More specifically, this document guides you through a time series inventory prediction— the art of anticipating future consumer demand. Ultimately, it demonstrates how data empowers the decision-making process through forecasting and strategic insights. And remember,

https://tribalsimplicity.com/2014/07/28/george-box-models-wrong-useful/



Summary

Objective

evaluate and deploy a predictive model to forecast the inventory volume.

Limitations

the data set only spans 54 weeks, which is less than ideal for time series predictions that typically benefit from multi-year trends. Additionally, my understanding of the data is limited. For this project, I made certain assumptions about the time frame and inventory type. In practical scenarios, collaboration with domain experts are essential components of any predictive analytics project.


Final Results

The Poisson regression model demonstrated reasonable predictive performance, using four predictors chosen through stepwise selection.

this report contains:

  • Data Processing
    • feature engineering
    • data splitting into training and testing sets  
  • Model Development
    • step-wise model selection methodology  
  • Model Evaluation
    • exploratory and descriptive analytics
    • interpretation and evaluation of model outcomes

Initial Insights:

The inventory data is comprised of 488 distinct items, sold over a span of 54 weeks (from week 0 to 53), with an impressive sum of approximately 1.3 million units transacted.

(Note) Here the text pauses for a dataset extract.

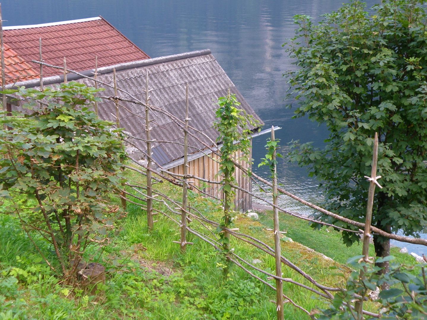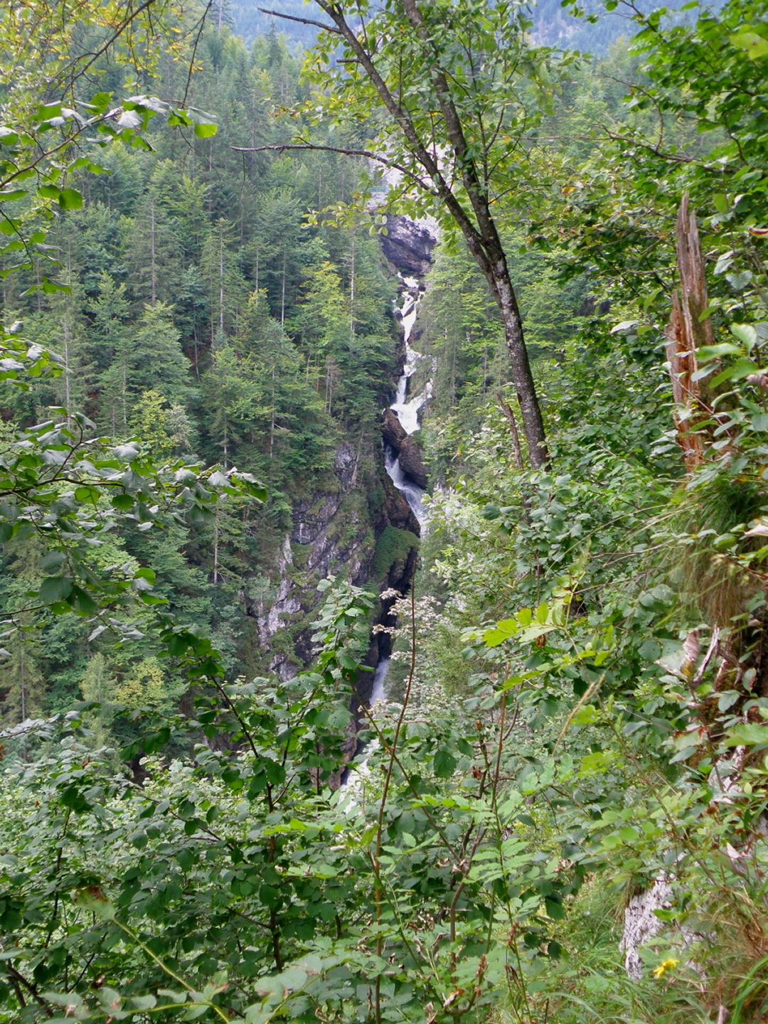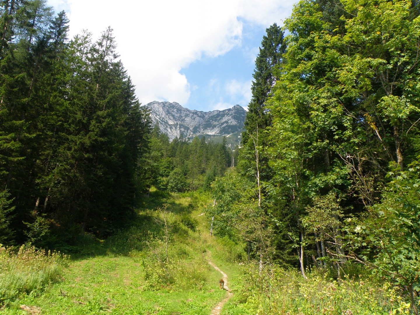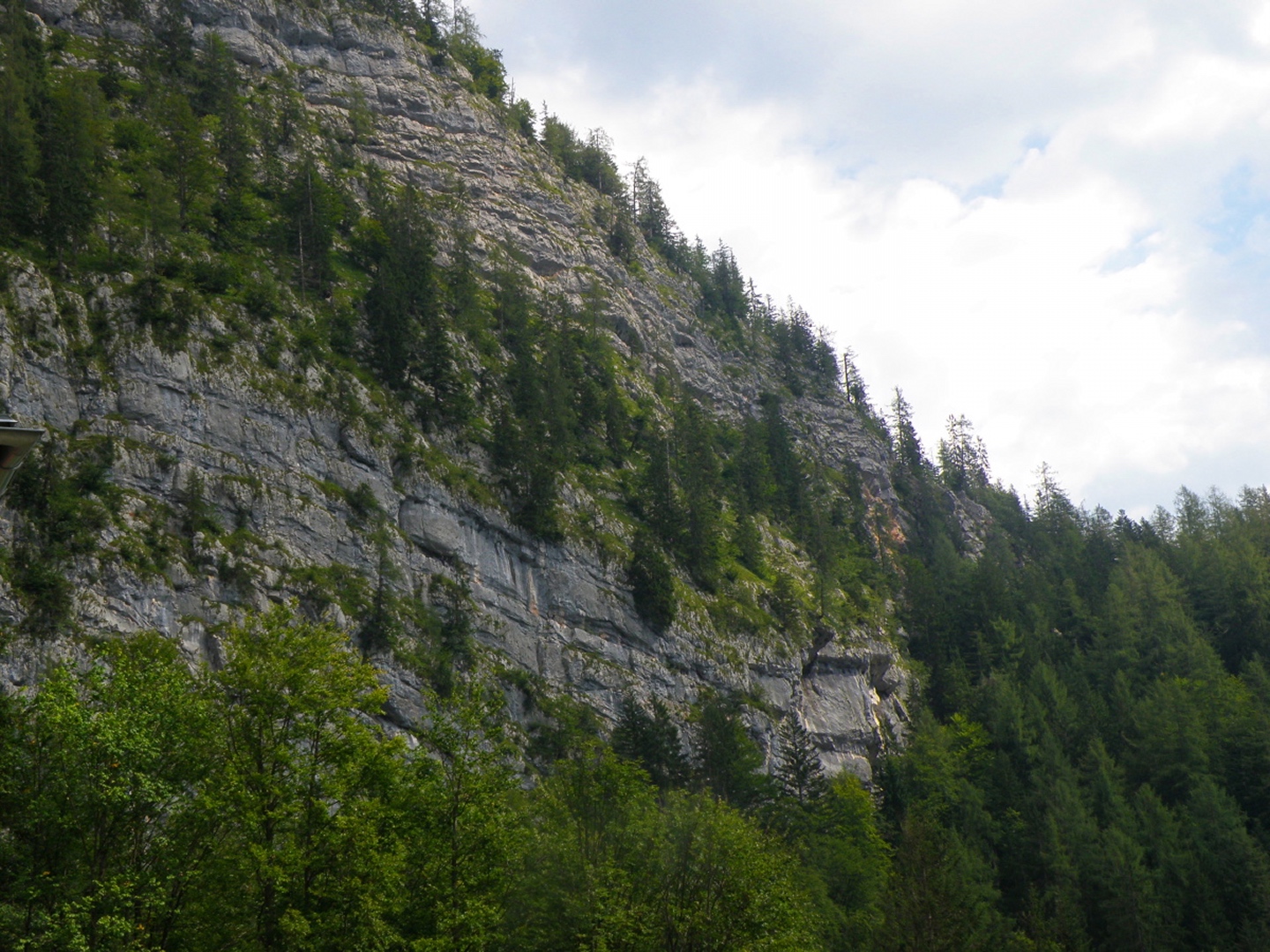 Los ging es am Parkplatz im Hallstätter Umgehungstunnel. Von dort aus stiegen wir zunächst über eine Treppe und einen geschotterten Weg hinauf Richtung Salzbergwerk, bis das erste größere Hindernis für Coco kam: eine Brücke aus Gitterrost. Gut, über die Brücke konnte ich sie noch hinübertragen, aber auch die folgenden Treppen waren aus diesem hundefeindlichen Material. Hans sah mich schon ganz verlegen an, weil er bei der Planung dieses Detail nicht beachtet hatte, aber Coco fand schnell einen Ausweg, indem sie einfach neben der Treppe durch das Gebüsch nach oben lief. Am Bergwerk vorbei folgten wir der Forststraße Richtung Oslhütte, nicht ohne an zwei Stellen über kleinere Pfade abzukürzen. Bei einer Pause auf etwa 1300 Metern zog es sich über dem Dachstein gefährlich zu, so dass wir uns zur Umkehr entschlossen, es war auch schon relativ spät und sehr heiß. Da sich die Wolken bald wieder verzogen, gingen wir nicht auf dem Aufstiegsweg zurück, der ja für Coco wieder etwas problematisch geworden wäre, sondern nahmen den Gangsteig. Dieser ist gut versichert, erfordert aber auf jeden Fall Trittsicherheit und schwindelfrei sollte man auch sein. An einer Stelle streikte Coco dann doch, denn sie hätte einen Meter abspringen müssen und genau zwei Meter Bremsweg bis zur Kante gehabt, an der es 100 Meter senkrecht in die Tiefe gegangen wäre. Über diese Stelle wurde sie von Beate getragen, die von uns allen das größte alpinistische Können aufweist. Am unteren Ende ging es schließlich über eine Fahrstraße zurück nach Hallstatt, wo wir uns nach einem Zwischenstopp mit Kaffee und Kuchen noch eine Stunde lang am Badeplatz von Hans erfrischten.

Below, I’ve created several visualizations to discern patterns, identify anomalies, and appreciate the overall behavior of the inventory data over time while establishing a baseline familiarity for the predictive analysis.

Code
# import data
sai <-  read.csv("inventory.csv")
# import my custom theme :-)
source("artNov_theme.R")

hist <- sai %>% 
  group_by(item_no) %>%
  summarise(total_sold = sum(sold)) %>% 
 
ggplot(aes(x = total_sold)) +
  geom_histogram(binwidth = 2100, color = "black", fill = "#7D998F", 
                 alpha = .6) +
        scale_x_continuous(labels = scales::comma_format()) +
  
  labs(x = "Number of Items Sold", y = "Frequency", 
       title = "Number of Items Sold by Item Type", 
       caption =  " figure 1.1")+
    theme_art_nouveau()



hist1 <- sai %>% 
  group_by(week) %>%
  summarise(total_sold = sum(sold)) %>% 
 
ggplot(aes(x = total_sold)) +
  geom_histogram(binwidth =  2100, color = "black", fill = "#68576D", 
                 alpha = .6) +
        scale_x_continuous(labels = scales::comma_format()) +
        scale_y_continuous(position = "right") +
  
  labs(x = "Number of Items Sold", 
       title = "Number of Items Sold by Week",
        caption =  " figure 1.2")+
  theme_art_nouveau()

# "ggplot2 - Easy way to mix multiple graphs on the same page", STHDA
# http://www.sthda.com/english/wiki/wiki.php?id_contents=7930#
# display the histograms side by side
gridExtra::grid.arrange(hist, hist1, ncol = 2)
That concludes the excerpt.